Single by Alesso featuring Roy English

from the album Forever
- Released: 16 February 2015
- Recorded: 2014
- Genre: EDM;
- Length: 3:43 (radio edit) 5:34 (Extended Mix)
- Label: Def Jam
- Songwriters: Alessandro Lindblad; Brandon Wronski; Mich Hansen; Lucas Secon; Damon Reinagle; Peter Wallevik; Daniel Heløy Davidsen;
- Producer: Alesso

Alesso singles chronology
| "Heroes (We Could Be)" (2014) | "Cool" (2015) | "Sweet Escape" (2015) |

Roy English singles chronology
| "Julianne" (2015) | "Cool" (2015) | "Tongue Tied July" (2015) |

= Cool (Alesso song) =

"Cool" is a 2015 song by Swedish DJ and record producer Alesso featuring vocals from American singer Roy English (also known by his real name Brandon Wronski), the frontman of the former American rock band Eye Alaska. It premiered on February 13, 2015 on BBC Radio 1. The track, which samples Kylie Minogue's "Get Outta My Way", was officially released in Europe on 16 February 2015 and in North America on 17 February 2015. The song was released on 26 April 2015 in the UK.

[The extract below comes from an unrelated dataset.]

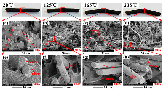 Figure 7 shows the SEM images of the fracture surfaces of SCFR/PEEK after flexural testing at various temperatures. In Figure 7a, the PEEK is in the glassy state at the ambient temperature of 20 °C and the brittle fracture of PEEK matrix is observed. In general, the addition of SCFs leads to embrittlement of the ductile polymers [33,34]. Besides, a strong fiber/matrix interaction is observed according to the fracture surface, as shown in Figure 7e. In Figure 7b, the PEEK is partial softening at the ambient temperature of 125 °C, and the brittle fracture and ductile fracture are both observed in the fracture surface. Besides, the interaction between fiber/matrix becomes weaker, as shown in Figure 7f. When the ambient temperature is higher than the Tg (150 °C), the PEEK matrix had changed completely from glassy state to rubbery state, and the ductile fracture of the matrix is clearly observed in Figure 7c,d. Of course, the interaction between fiber-matrix is weak and there is no matrix coated on the pullout SCFs, as shown in Figure 7g,h.

The cover art references his single "Tear The Roof Up" as the locker reads "Tear The Roof Up!"

==Music video==
A music video for the song was commissioned. It was produced by Emil Nava, and was filmed at Venice High School, where the films Grease and American History X and the music video for Britney Spears' "...Baby One More Time", were filmed. Contrary to his anonymous DJ contemporaries, Alesso himself plays the protagonist, a long-haired, bespectacled nerd who is initially mocked by his fellow students but absconds to the dance class, where he encounters an attractive brunette teacher (Claude Racine) with whom he falls in love. About two-thirds of the way through the music video, his infatuation invokes amorous thoughts involving her dancing in a bra and knickers on a bench, a nod to the music video for Van Halen's "Hot for Teacher". These thoughts are interspersed with another man showing him how to dance properly using films containing dance moves. Alesso then uses a school dance to attract the teacher and then dump her with a smile in the middle of the dance floor.

==Critical reception==
Krystal Spencer of Your EDM described the music video as "a riot to watch Alesso slide and spin through high school in the hopes of impressing his teacher", further commenting that "fans will love seeing a different side of Alesso".

==Track listings and formats==
- Digital download - single
1. "Cool" (featuring Roy English) - 3:41

- Digital download - EP (Remixes)
2. "Cool" (Extended Version) - 5:33
3. "Cool" (A-Trak Remix) - 4:44
4. "Cool" (Autograf Remix) - 5:40
5. "Cool" (Sonny Alven Remix) - 3:47
6. "Cool" (CRNKN Remix) - 4:38
7. "Cool" (Sweater Beats Remix) - 3:26

==Charts==

===Weekly charts===

| Chart (2015) | Peak position |
|---|---|
| Belgium (Ultratip Bubbling Under Flanders) | 19 |
| Belgium (Ultratip Bubbling Under Wallonia) | 16 |
| Ireland (IRMA) | 23 |
| Scotland Singles (OCC) | 4 |
| Sweden (Sverigetopplistan) | 59 |
| UK Singles (OCC) | 10 |
| UK Dance (OCC) | 3 |
| US Hot Dance/Electronic Songs (Billboard) | 14 |
| US Dance Club Songs (Billboard) | 2 |

===Year-end charts===

| Chart (2015) | Position |
|---|---|
| US Hot Dance/Electronic Songs (Billboard) | 38 |
| US Dance Club Songs (Billboard) | 26 |

==Certifications==

| Region | Certification | Certified units/sales |
| Brazil (Pro-Música Brasil) | Gold | 30,000^{‡} |
| Sweden (GLF) | Platinum | 40,000^{‡} |
| United Kingdom (BPI) | Silver | 200,000^{‡} |
^{‡} Sales+streaming figures based on certification alone.